Chronological Thread 
  • From: Scott Brim <>
  • To: <>
  • Cc: Transport WG <>, Michael Laufer <>
  • Subject: Re: [transport] Re: Need Advice on Multicasting Large File Data Sets
  • Date: Fri, 22 Feb 2013 10:53:41 -0500
  • Authentication-results: sfpop-ironport01.merit.edu; dkim=neutral (message not signed) header.i=none

I'm part way into writing a small essay on this very subject, figuring
out what research to foster :-). I probably agree with Larry on all
points.

The best thing about their scenario and multicast is that they have a
lot of fan out - 30 sites well distributed - and they have predictable
consumption. It's not like that for most research datasets, where a few
sites, far apart, want a particular dataset only once or twice.
Reliable multicast could apply. Their problem would be finding
equipment that supports it.

I can think of five types of mechanisms to handle staged one-to-many
distribution in general: (1) store data in case anybody wants it and
forward on demand; (2) store only when it's been asked for and forward
immediately; (3) intermediate layer dynamic streaming like Phoebus; (4)
L3 multicast; and (5) "lower layer" (SDN, whatever) multicast.

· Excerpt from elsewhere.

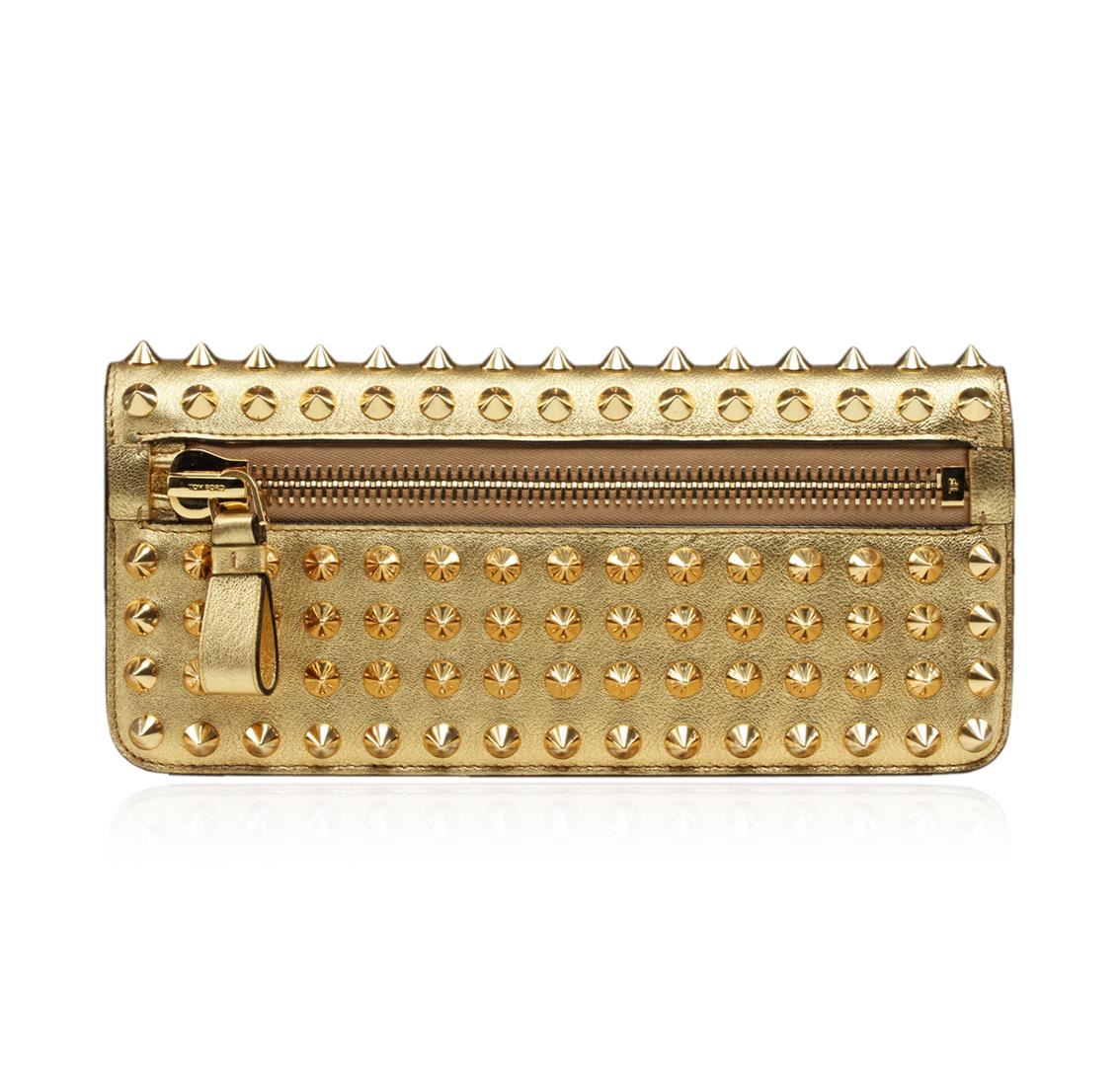 One Tom Ford Metallic Studded Gold Zip Clutch. This clutch features the signature golden hardware, full-flap front with magnetic-snap closure, front zip pocket at flap, and interior zip pocket. Estimated retail value $2,940.00.

In brief I think 1 isn't very applicable (we're not Netflix) and 4 has
reliability/retransmission issues as Larry pointed out (it's a great
research topic). 2 is akin to hierarchical distribution and can be very
useful. 3 has already demonstrated its worth in Phoebus. As for 5 (SDN
trees), well, you would have the same reliability issues, but you could
handle them with unicast side channels. #5 essentially takes the
application-layer hierarchical distribution and moves it down into the
SDN infrastructure - I think it's worth investigating.